Adbc high memory usage compared with native drivers

adbc seems to use a huge amount more memory than “native” drivers.

I’m dumping large amounts of data each minute, about 600k data points across 10k different identifiers. I need column store for querying so I have gone to duckdb via adbc. But it’s using tons of memory even though I am specifiying an on disk file. I have written a small test to show what I mean in this repo: GitHub - vegabook/adbc_leak_demo · GitHub . You’ll see that adbc basically accumulates memory, especially for duckdb, but also for sqlite, at a much higher pace than native drivers.

I’d like to stick to “offical” adbc if possible as it will also allow me more easily to swap out backends. So is this a bug or some implementation issue? What can I do to avoid this behaviour? As it stands it basically makes adbc difficult to use right now for append workflows as memory just keeps on growing forever.
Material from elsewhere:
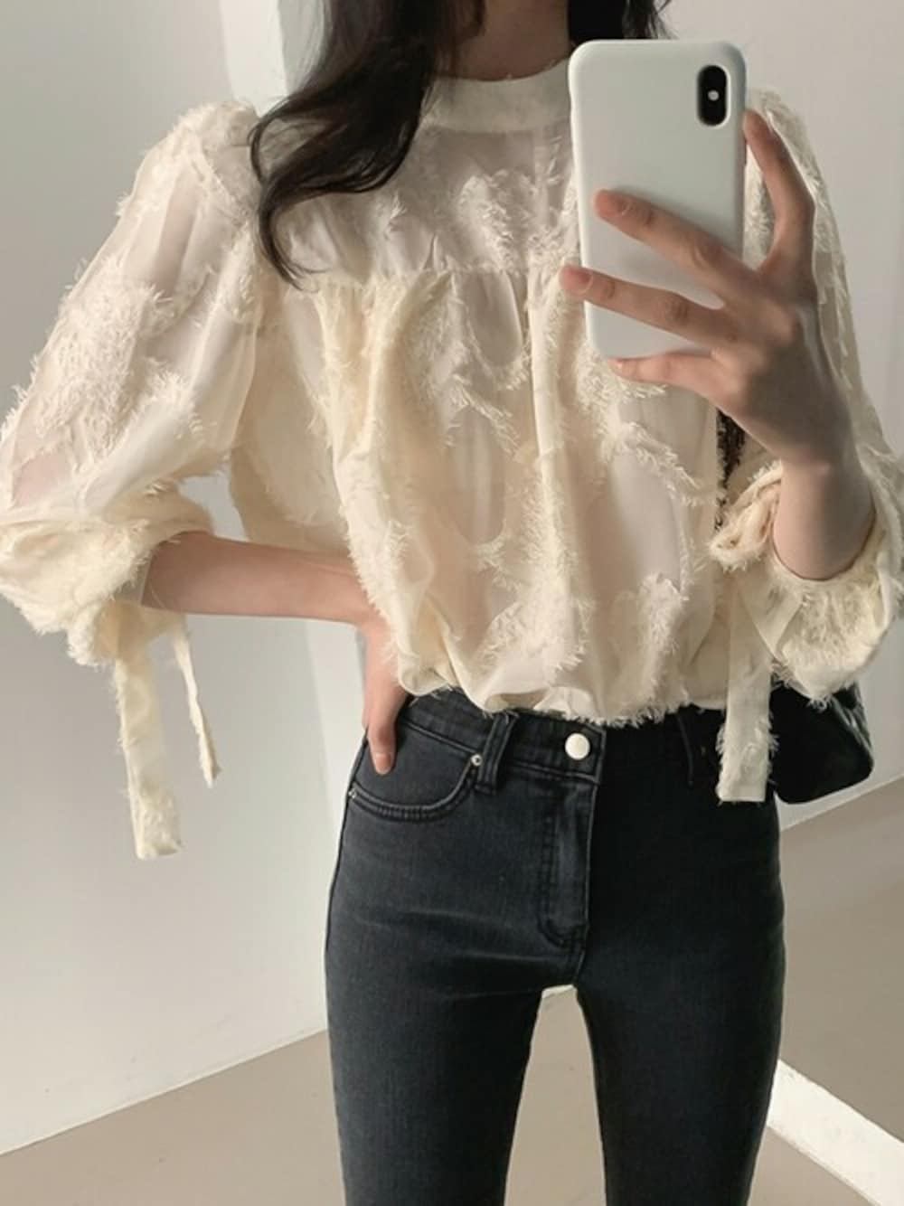 カットジャガード素材を使用した華やかな7分袖ブラウス 表情のあるカットジャガード生地を使用したブラウス。 毛足&シアー感があり着映えアイテムです! ふんわりしたフォルムと袖口のリボンが華やかな印象に。 スタイリング存在感のあるデザインで1枚でサマになるアイテムです。 デニムに合わせてカジュアルに、フレアスカートでフェミニンスタイルにも!

Even using sqlite backend the memory growth is kind of a concern. duckdbex is kind of acceptable as memory growth seems slow enough that a once-every-few-hours restart or something should keep thins manageable. But really only exqlite currently is fit for a long-running ingest, but it has the major downside of not doing column store so data science queries will be ultra slow.

Any advice on how to solve the “lots of fast ingest, must be column store, mustn’t leak memory” problem?

The table and chart show process memory growth as rows get ingested. Each iter is 100 rows. All are on-disk workflows so apart from a bit of buffer delta early on, you’d expect stability.